### Work to be completed
Please transcribe the listing that follows exactly; images are to be excluded.

### Dataset section

|---|

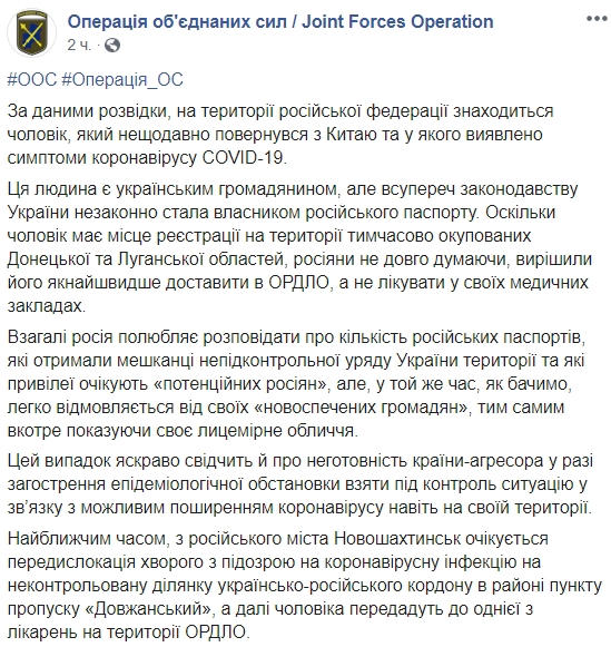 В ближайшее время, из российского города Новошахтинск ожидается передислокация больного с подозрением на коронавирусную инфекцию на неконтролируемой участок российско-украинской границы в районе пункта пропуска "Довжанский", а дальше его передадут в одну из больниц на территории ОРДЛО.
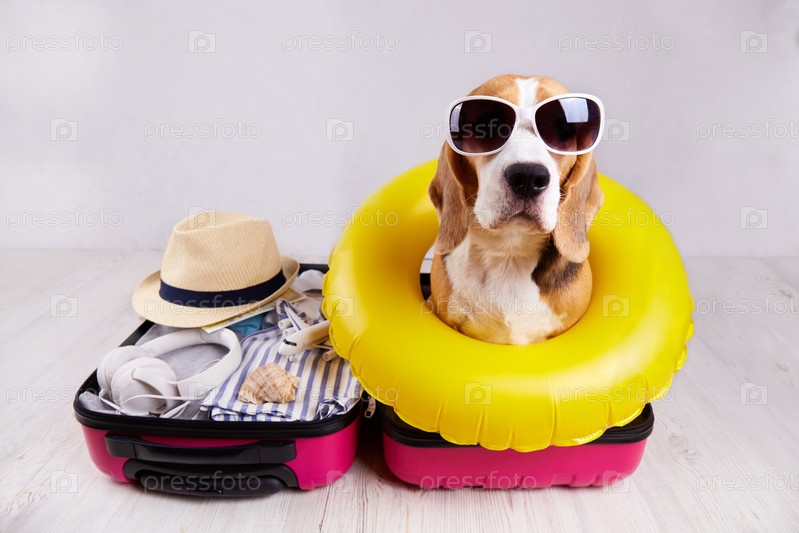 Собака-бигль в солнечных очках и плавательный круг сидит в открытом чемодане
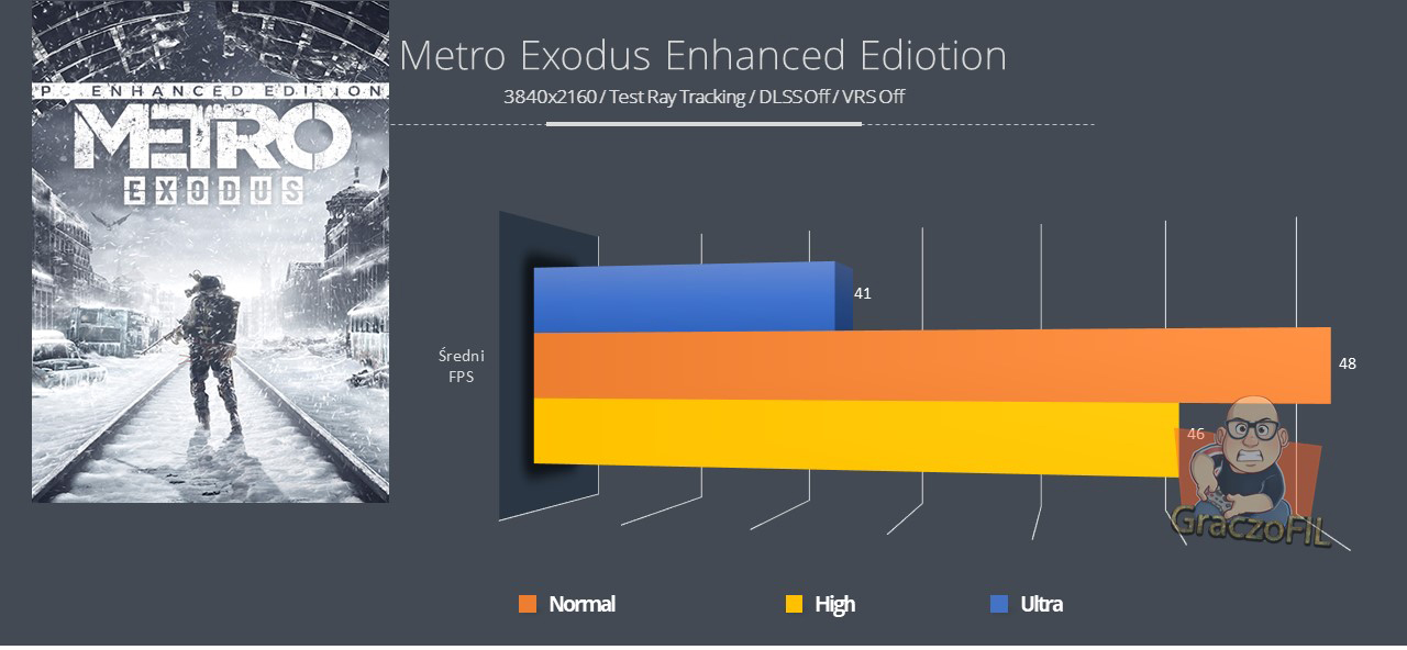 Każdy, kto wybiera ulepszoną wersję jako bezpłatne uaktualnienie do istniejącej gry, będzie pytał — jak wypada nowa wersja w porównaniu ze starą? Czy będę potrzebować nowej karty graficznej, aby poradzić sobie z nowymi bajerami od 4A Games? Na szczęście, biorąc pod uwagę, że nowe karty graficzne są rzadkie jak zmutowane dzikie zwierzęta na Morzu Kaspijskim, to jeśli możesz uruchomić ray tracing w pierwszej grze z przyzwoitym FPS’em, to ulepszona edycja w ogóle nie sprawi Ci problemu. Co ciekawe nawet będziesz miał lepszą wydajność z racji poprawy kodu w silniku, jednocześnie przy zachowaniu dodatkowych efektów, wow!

|---|

### Answer box
 В ближайшее время, из российского города Новошахтинск ожидается передислокация больного с подозрением на коронавирусную инфекцию на неконтролируемой участок российско-украинской границы в районе пункта пропуска "Довжанский", а дальше его передадут в одну из больниц на территории ОРДЛО.
 Собака-бигль в солнечных очках и плавательный круг сидит в открытом чемодане
 Każdy, kto wybiera ulepszoną wersję jako bezpłatne uaktualnienie do istniejącej gry, będzie pytał — jak wypada nowa wersja w porównaniu ze starą? Czy będę potrzebować nowej karty graficznej, aby poradzić sobie z nowymi bajerami od 4A Games? Na szczęście, biorąc pod uwagę, że nowe karty graficzne są rzadkie jak zmutowane dzikie zwierzęta na Morzu Kaspijskim, to jeśli możesz uruchomić ray tracing w pierwszej grze z przyzwoitym FPS’em, to ulepszona edycja w ogóle nie sprawi Ci problemu. Co ciekawe nawet będziesz miał lepszą wydajność z racji poprawy kodu w silniku, jednocześnie przy zachowaniu dodatkowych efektów, wow!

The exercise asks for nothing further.